**DATA SECTION:**
== Segment start ==

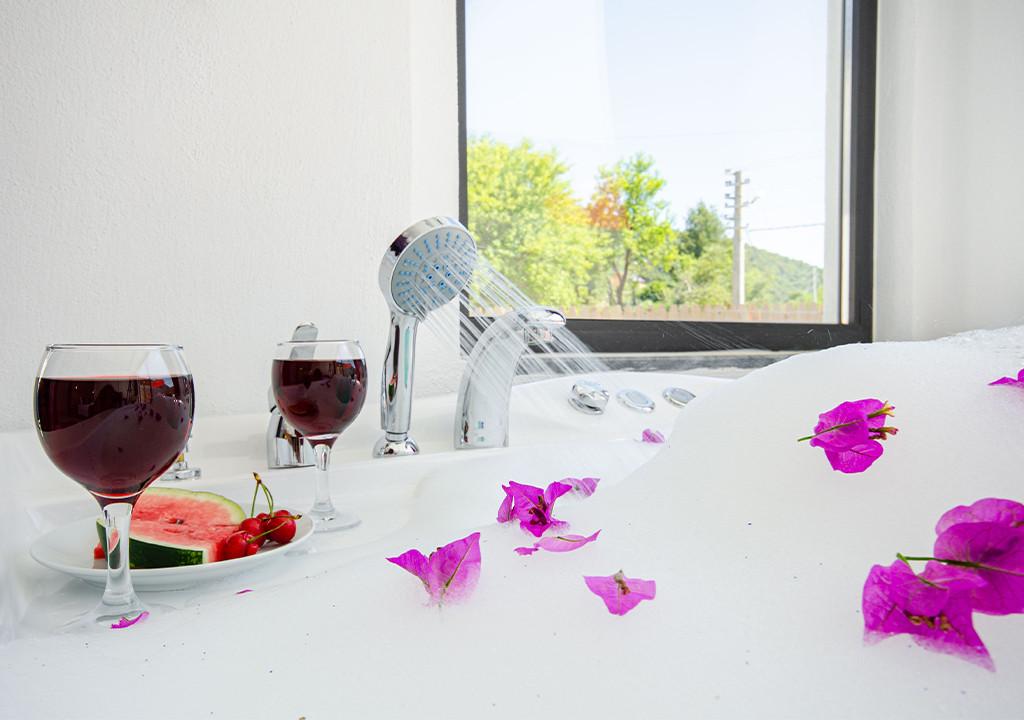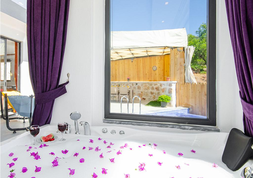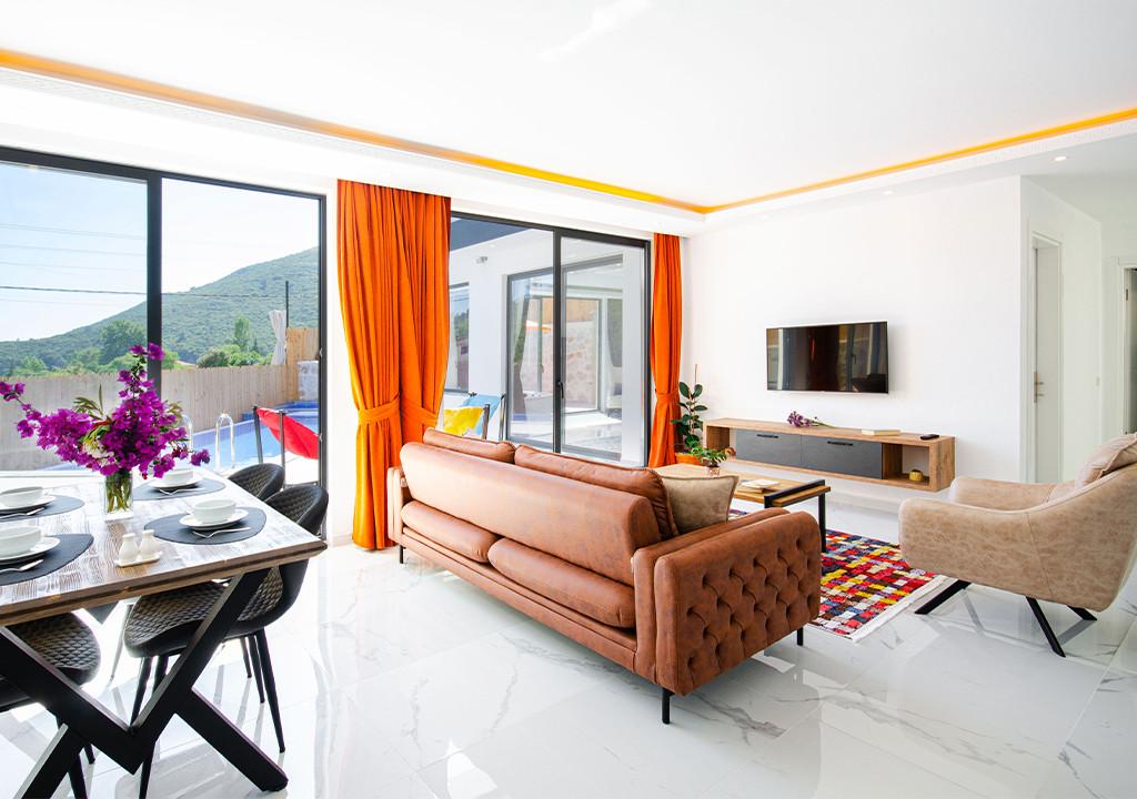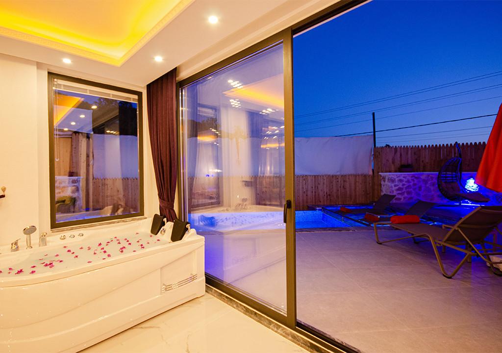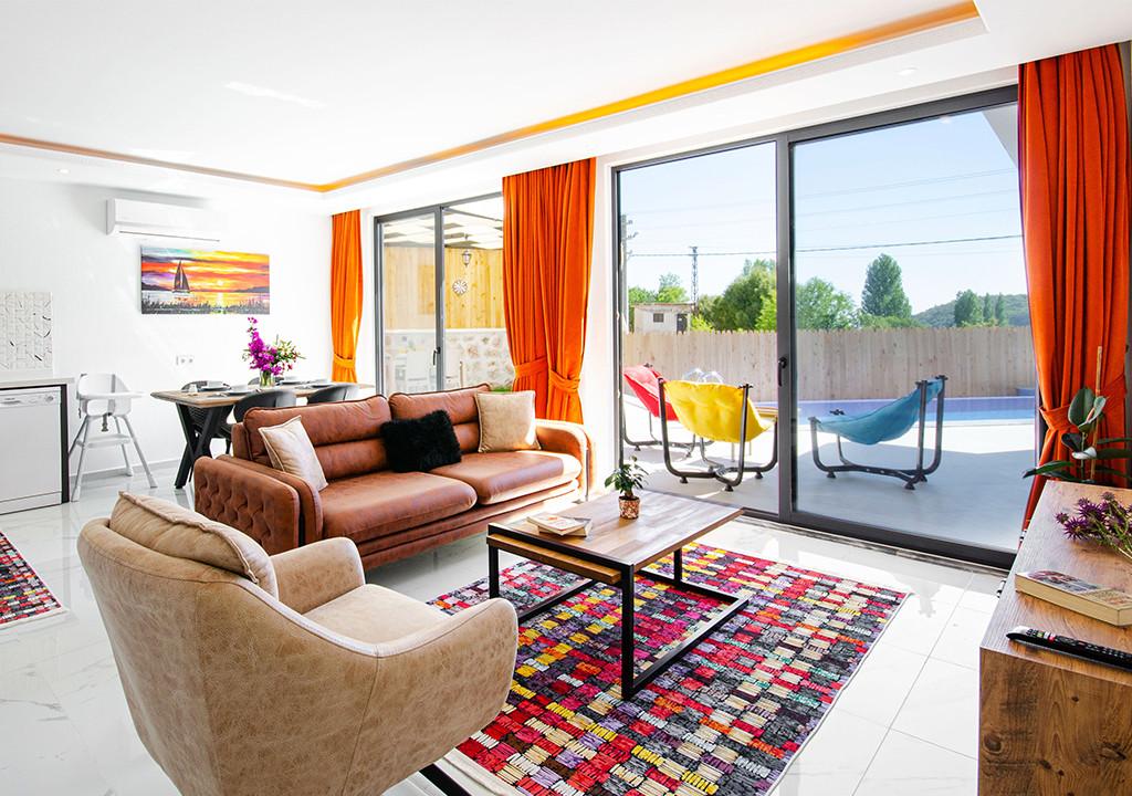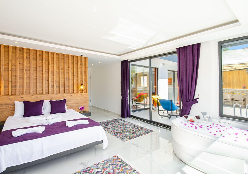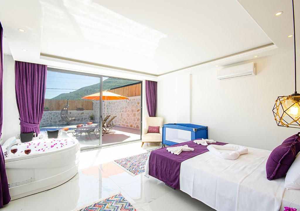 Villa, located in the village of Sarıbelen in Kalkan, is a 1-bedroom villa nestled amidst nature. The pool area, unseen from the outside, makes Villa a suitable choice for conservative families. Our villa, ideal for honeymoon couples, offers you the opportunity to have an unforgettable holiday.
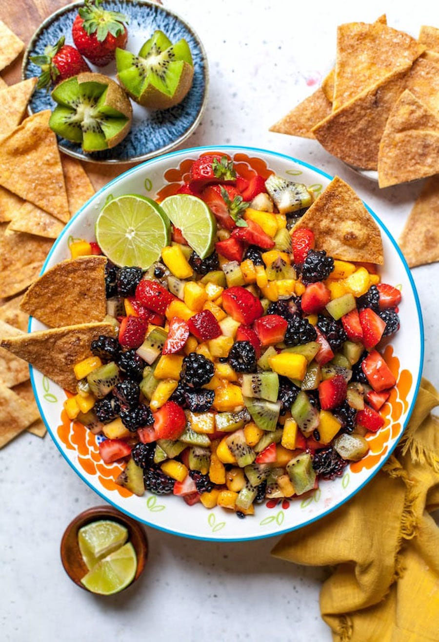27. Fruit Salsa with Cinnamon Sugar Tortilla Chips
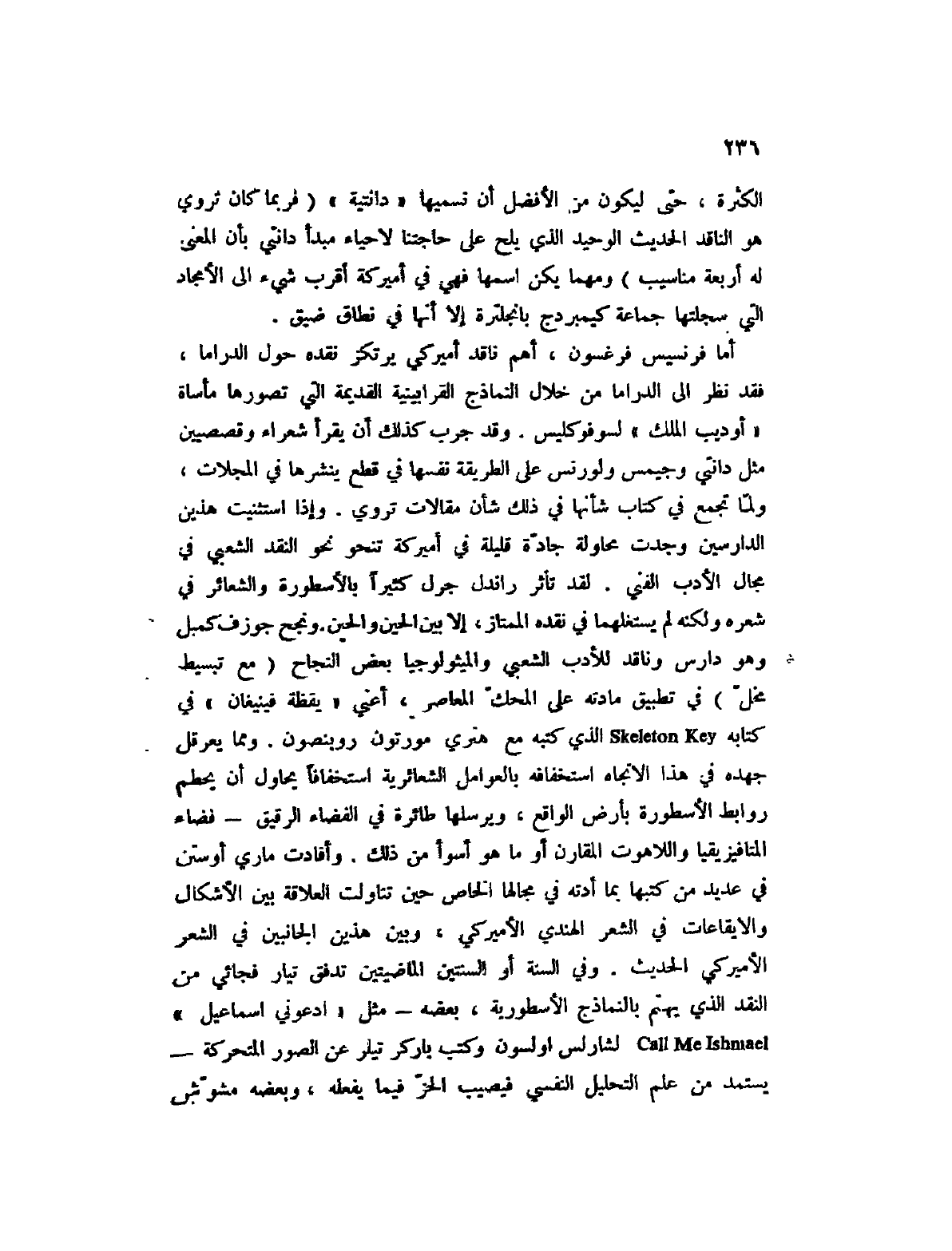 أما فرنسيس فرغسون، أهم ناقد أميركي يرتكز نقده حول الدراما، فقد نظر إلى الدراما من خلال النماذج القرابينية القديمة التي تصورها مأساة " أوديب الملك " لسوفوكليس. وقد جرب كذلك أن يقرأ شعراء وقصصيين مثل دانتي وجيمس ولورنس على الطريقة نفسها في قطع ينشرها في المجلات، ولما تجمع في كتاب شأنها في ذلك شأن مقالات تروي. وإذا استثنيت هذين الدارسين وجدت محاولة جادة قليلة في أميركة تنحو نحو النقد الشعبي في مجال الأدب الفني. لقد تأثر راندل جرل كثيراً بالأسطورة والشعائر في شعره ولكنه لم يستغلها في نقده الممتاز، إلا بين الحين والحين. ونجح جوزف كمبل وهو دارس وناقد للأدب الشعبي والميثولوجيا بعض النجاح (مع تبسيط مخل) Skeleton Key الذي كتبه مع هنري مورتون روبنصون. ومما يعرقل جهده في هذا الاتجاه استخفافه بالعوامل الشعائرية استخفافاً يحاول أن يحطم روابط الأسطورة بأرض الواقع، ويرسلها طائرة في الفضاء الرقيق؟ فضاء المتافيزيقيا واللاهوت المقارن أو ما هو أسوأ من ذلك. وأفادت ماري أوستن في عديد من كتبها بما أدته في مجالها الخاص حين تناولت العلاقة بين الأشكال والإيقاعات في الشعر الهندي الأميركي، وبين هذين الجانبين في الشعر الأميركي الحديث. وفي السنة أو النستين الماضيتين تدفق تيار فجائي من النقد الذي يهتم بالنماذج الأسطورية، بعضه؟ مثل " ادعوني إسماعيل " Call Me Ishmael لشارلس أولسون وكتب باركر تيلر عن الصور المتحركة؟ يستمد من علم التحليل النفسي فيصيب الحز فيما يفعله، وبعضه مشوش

== Segment end ==

**PROBLEM TO SOLVE:**
Without the pictures, repeat the listing exactly as it reads.

**REPLY:**
 Villa, located in the village of Sarıbelen in Kalkan, is a 1-bedroom villa nestled amidst nature. The pool area, unseen from the outside, makes Villa a suitable choice for conservative families. Our villa, ideal for honeymoon couples, offers you the opportunity to have an unforgettable holiday.
27. Fruit Salsa with Cinnamon Sugar Tortilla Chips
 أما فرنسيس فرغسون، أهم ناقد أميركي يرتكز نقده حول الدراما، فقد نظر إلى الدراما من خلال النماذج القرابينية القديمة التي تصورها مأساة " أوديب الملك " لسوفوكليس. وقد جرب كذلك أن يقرأ شعراء وقصصيين مثل دانتي وجيمس ولورنس على الطريقة نفسها في قطع ينشرها في المجلات، ولما تجمع في كتاب شأنها في ذلك شأن مقالات تروي. وإذا استثنيت هذين الدارسين وجدت محاولة جادة قليلة في أميركة تنحو نحو النقد الشعبي في مجال الأدب الفني. لقد تأثر راندل جرل كثيراً بالأسطورة والشعائر في شعره ولكنه لم يستغلها في نقده الممتاز، إلا بين الحين والحين. ونجح جوزف كمبل وهو دارس وناقد للأدب الشعبي والميثولوجيا بعض النجاح (مع تبسيط مخل) Skeleton Key الذي كتبه مع هنري مورتون روبنصون. ومما يعرقل جهده في هذا الاتجاه استخفافه بالعوامل الشعائرية استخفافاً يحاول أن يحطم روابط الأسطورة بأرض الواقع، ويرسلها طائرة في الفضاء الرقيق؟ فضاء المتافيزيقيا واللاهوت المقارن أو ما هو أسوأ من ذلك. وأفادت ماري أوستن في عديد من كتبها بما أدته في مجالها الخاص حين تناولت العلاقة بين الأشكال والإيقاعات في الشعر الهندي الأميركي، وبين هذين الجانبين في الشعر الأميركي الحديث. وفي السنة أو النستين الماضيتين تدفق تيار فجائي من النقد الذي يهتم بالنماذج الأسطورية، بعضه؟ مثل " ادعوني إسماعيل " Call Me Ishmael لشارلس أولسون وكتب باركر تيلر عن الصور المتحركة؟ يستمد من علم التحليل النفسي فيصيب الحز فيما يفعله، وبعضه مشوش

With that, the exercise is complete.